We included type annotations to give you a better understanding of the data types that get passed around.

.. code-block:: python


class FlowerClient(fl.client.NumPyClient):
"""Flower client implementing using linear regression and JAX."""

def __init__(
self,
params: Dict,
grad_fn: Callable,
train_x: List[np.ndarray],
train_y: List[np.ndarray],
test_x: List[np.ndarray],
test_y: List[np.ndarray],
) -> None:
self.params= params
self.grad_fn = grad_fn
self.train_x = train_x
self.train_y = train_y
self.test_x = test_x
self.test_y = test_y

def get_parameters(self, config) -> Dict:
# Return model parameters as a list of NumPy ndarrays
parameter_value = []
for _, val in self.params.items():
parameter_value.append(np.array(val))
return parameter_value

def set_parameters(self, parameters: List[np.ndarray]) -> Dict:
# Collect model parameters and update the parameters of the local model
value=jnp.ndarray
params_item = list(zip(self.params.keys(),parameters))
for item in params_item:
key = item[0]
value = item[1]
self.params[key] = value
return self.params


def fit(
self, parameters: List[np.ndarray], config: Dict
) -> Tuple[List[np.ndarray], int, Dict]:
# Set model parameters, train model, return updated model parameters
print("Start local training")
self.params = self.set_parameters(parameters)
self.params, loss, num_examples = jax_training.train(self.params, self.grad_fn, self.train_x, self.train_y)
results = {"loss": float(loss)}
print("Training results", results)
return self.get_parameters(config={}), num_examples, results

def evaluate(
self, parameters: List[np.ndarray], config: Dict
) -> Tuple[float, int, Dict]:
# Set model parameters, evaluate the model on a local test dataset, return result
print("Start evaluation")
self.params = self.set_parameters(parameters)
loss, num_examples = jax_training.evaluation(self.params,self.grad_fn, self.test_x, self.test_y)
print("Evaluation accuracy & loss", loss)
return (
float(loss),
num_examples,
{"loss": float(loss)},
)

Having defined the federation process, we can run it.

.. code-block:: python

def main() -> None:
"""Load data, start MNISTClient."""

# Load data
train_x, train_y, test_x, test_y = jax_training.load_data()
grad_fn = jax.grad(jax_training.loss_fn)

# Load model (from centralized training) and initialize parameters
model_shape = train_x.shape[1:]
params = jax_training.load_model(model_shape)

# Start Flower client
client = FlowerClient(params, grad_fn, train_x, train_y, test_x, test_y)
fl.client.start_numpy_client(server_address="0.0.0.0:8080", client)

if __name__ == "__main__":
main()


And that's it.

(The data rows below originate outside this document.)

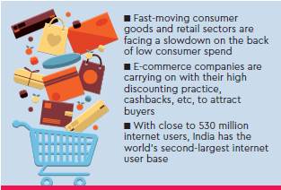 Even as FMCG (fast-moving consumer goods) and retail sectors are facing a slowdown on the back of low consumer spend, e-commerce companies are carrying on with their high discounting practice, cashbacks, etc, to attract buyers.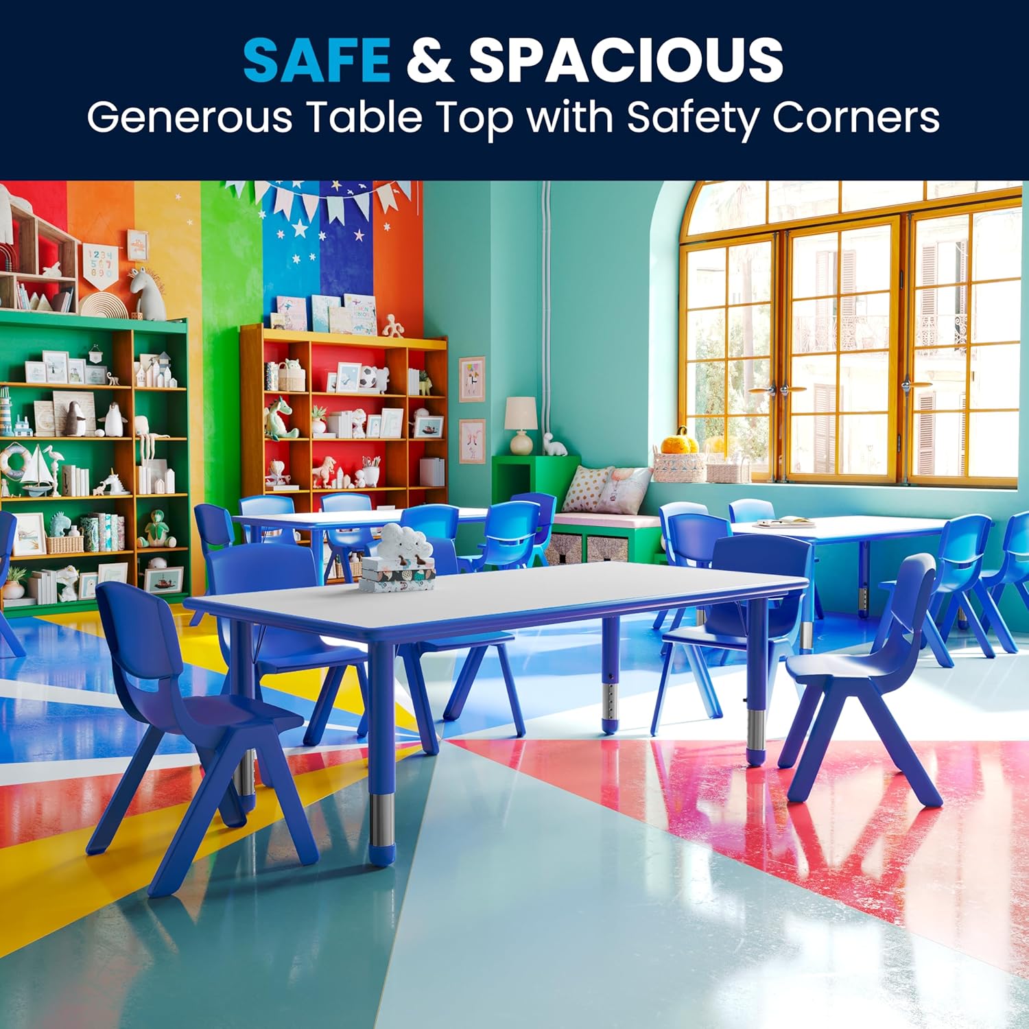 Flash Furniture Wren Adjustable Classroom Activity Table for School and Home, Plastic Activity Table for Kids, 23.625" W x 47.25" L, Gray/Blue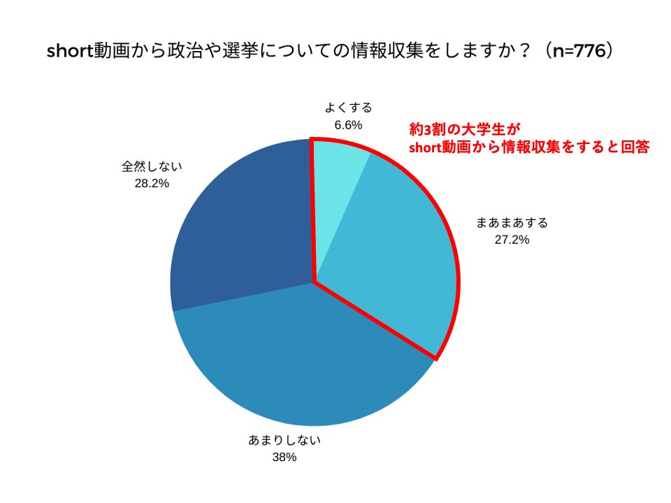 8割以上の⼤学⽣が4⽉の統⼀地⽅選挙で投票に⾏くと回答するも⼤学⽣の4⼈に1⼈が居住地に住⺠票を移しておらず、 4割以上が不在者投票を認知していないことが判明した。また、⼤学⽣の約8割が友達と政治の話をせず、半数以上が政 治の話に抵抗を感じていることがわかり、選挙情報の収集⽅法も「SNS」や「YouTube」、「short動画」がほとんどと いう事もわかった。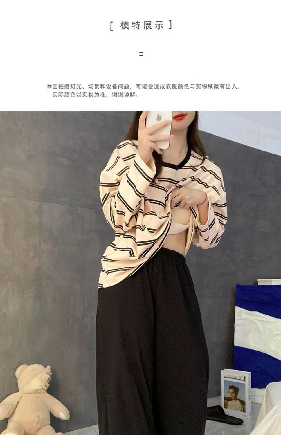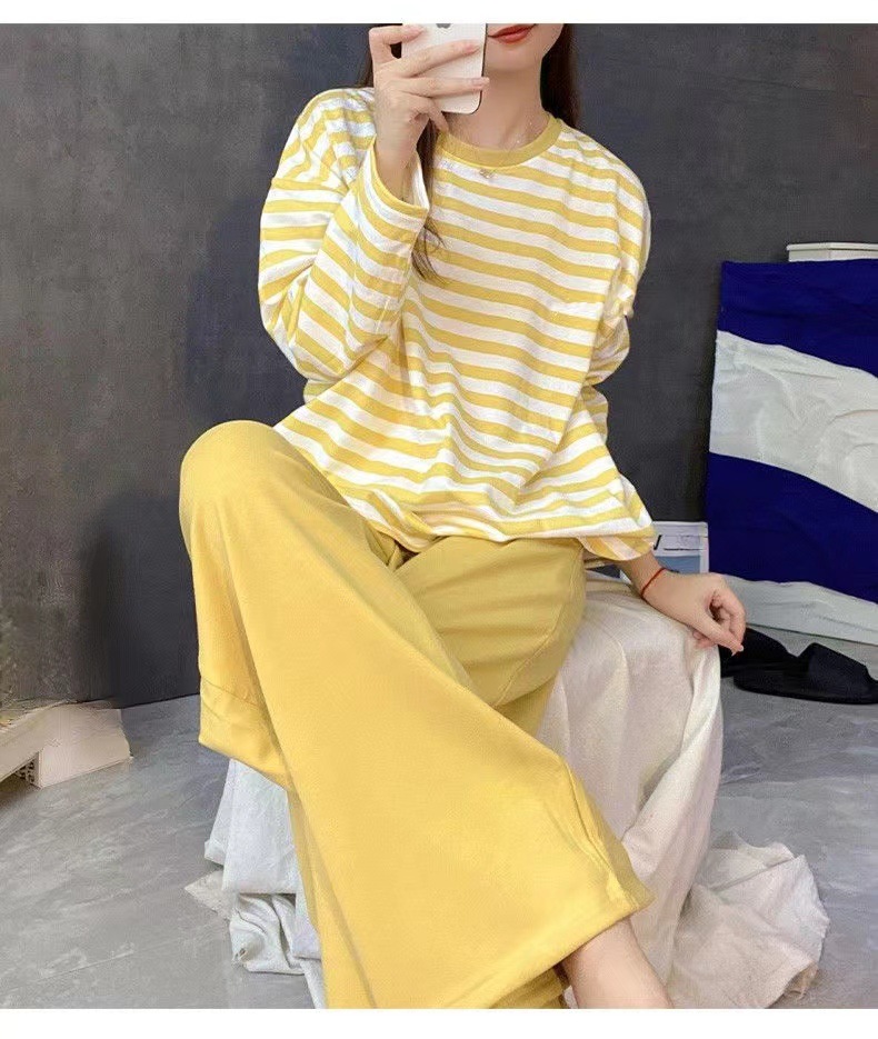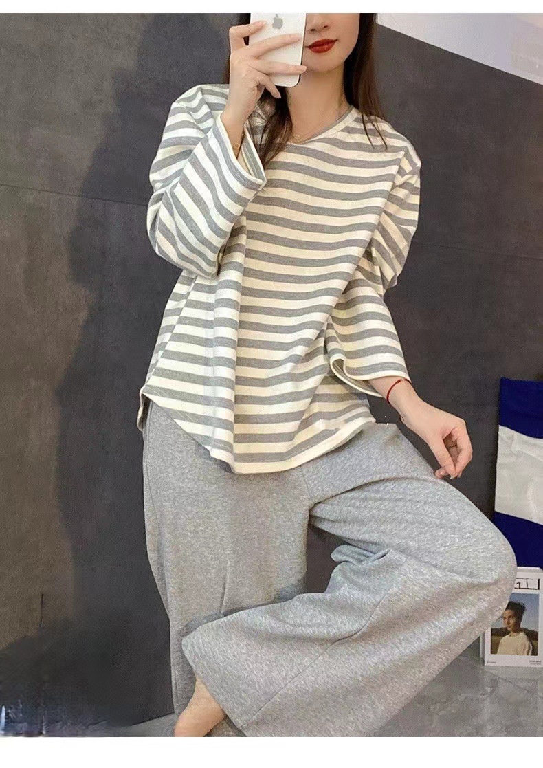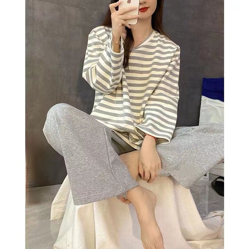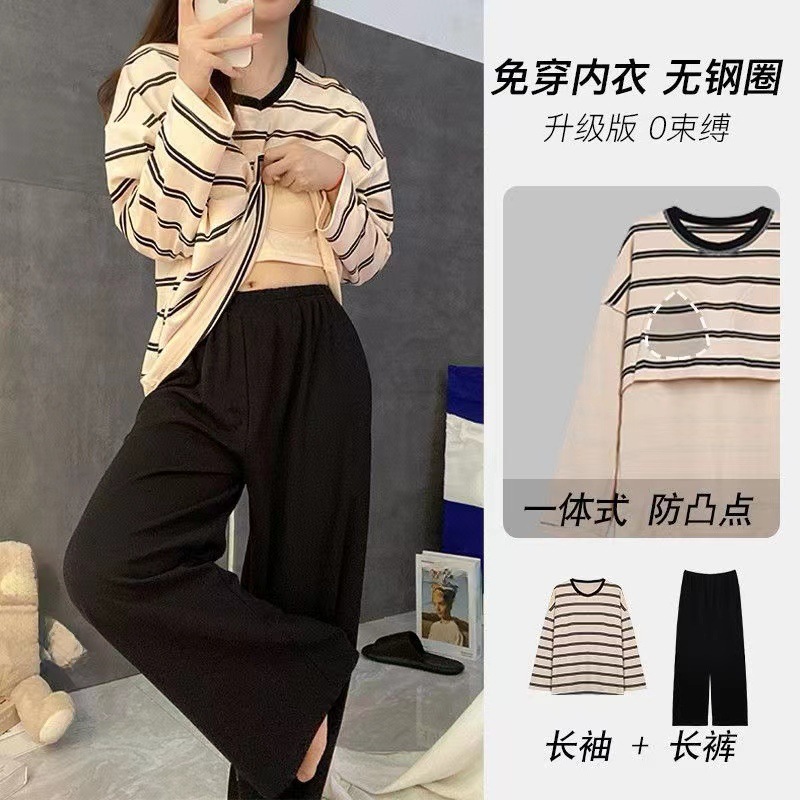 여성용 가슴 패드 잠옷이 달린 스트라이프 긴팔 바지 봄과 가을 간단한 캐주얼 느슨한 학생 홈웨어는 외부에서 착용 할 수 있습니다.스토어 가기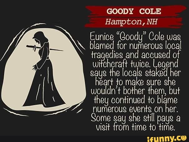 Eunice Cole, aka “Goody” was the only woman convicted of witchcraft in the state of New Hampshire. She was born in England in 1590 and worked as an indentured ...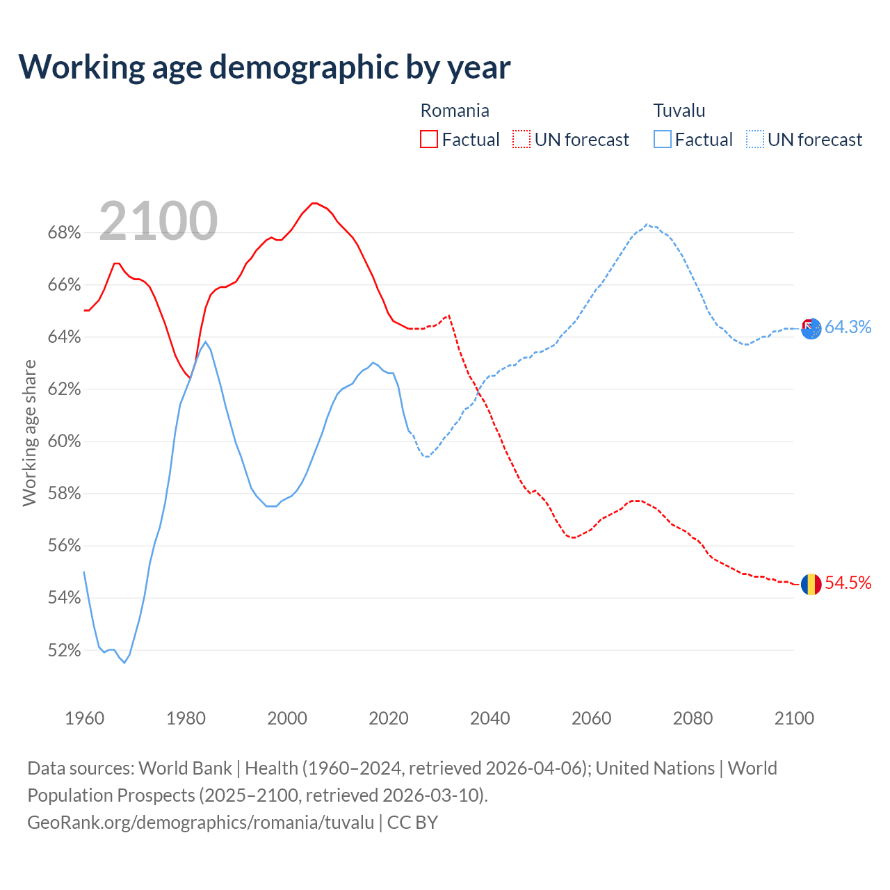 - Romania has 12.1M working age adults (aged 15-64) vs 5.64K in Tuvalu.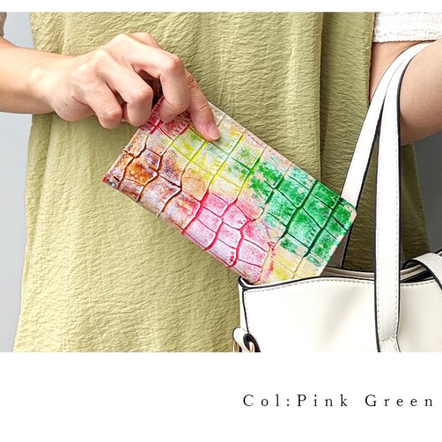 クロコダイルの型押しに顔料で色付けをしたカラフルで遊び心のある牛革を使用しております。
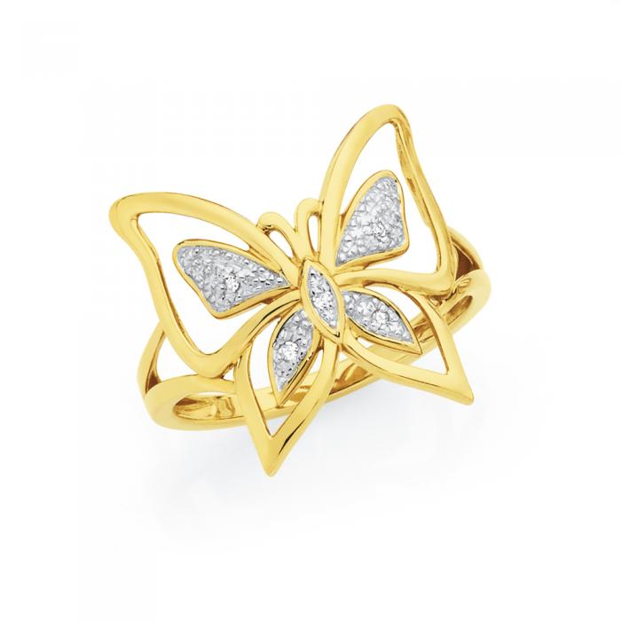 9ct Gold Diamond Large Open Butterfly Ring 8237455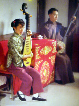 そして、さらに新しい宝石店の開店にでくわしました。宝石店の出店競争が激化しているのでしょうか。さっきのはアトラクションが中国古典演劇みたいだったけど、こっちば、吹奏楽団です。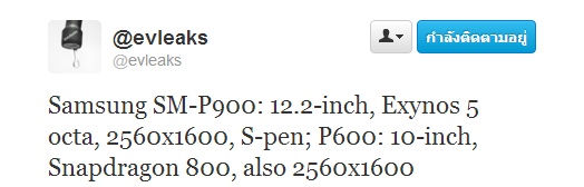 แหล่งข่าวทวิตเตอร์โดย @evleaks ได้ทวีตข้อความว่าทาง Samsung กำลังจะมีแท็บเล็ต 2 รุ่นใหม่ มาพร้อมหน้าจอความละเอียด 2560 x 1600 พิกเซล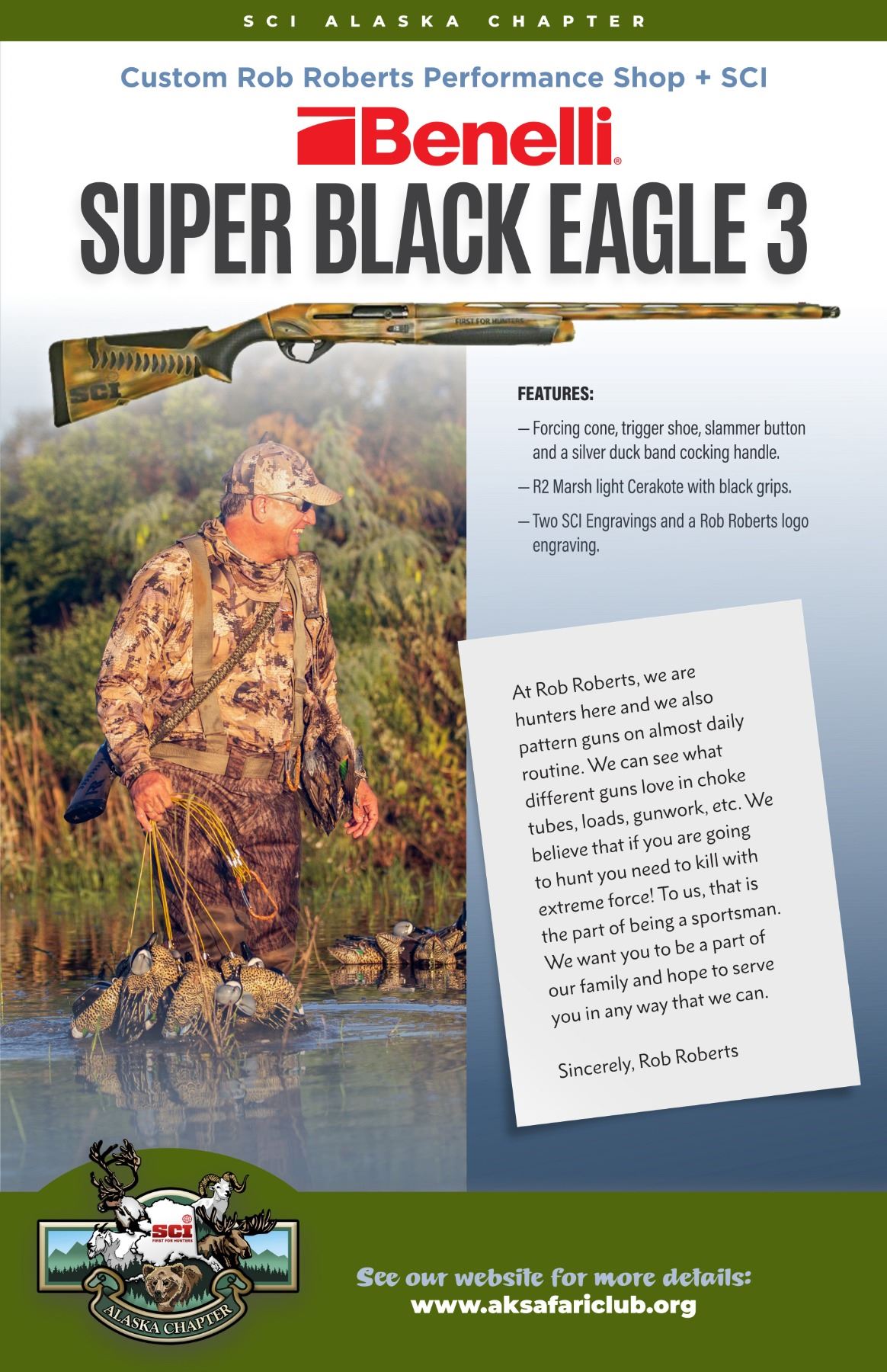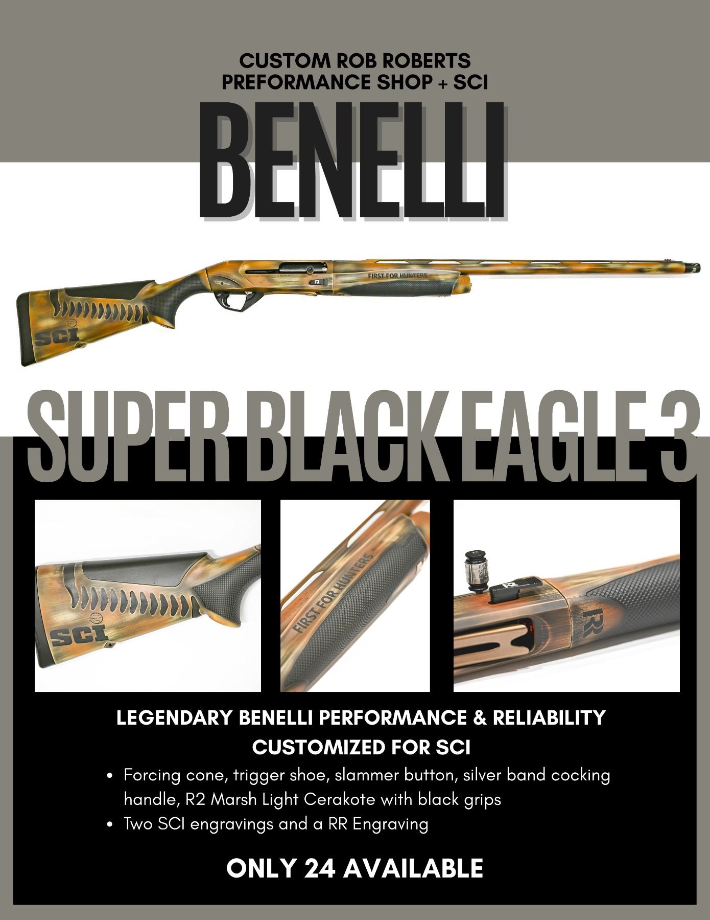 Safari Club Internationals Benneli Super Black Eagle 3 fully customized by master gunsmith Rob Roberts. This shotguns customization includes a forcing cone, a trigger shoe, slammer button, a silver duck band cocking handle, a R2 Marsh Light Cerakote with black grips, two SCI engravings and an RR engraving. Make no mistake, this shotgun is built to hunt.

You can now open two additional terminal windows and run

.. code-block:: python

python3 client.py

in each window (make sure that the server is still running before you do so) and see your JAX project run federated learning across two clients. Congratulations!

Next Steps
----------

The source code of this example was improved over time and can be found here: `Quickstart JAX <https://github.com/adap/flower/blob/main/examples/quickstart_jax>`_.
Our example is somewhat over-simplified because both clients load the same dataset.

You're now prepared to explore this topic further. How about using a more sophisticated model or using a different dataset? How about adding more clients?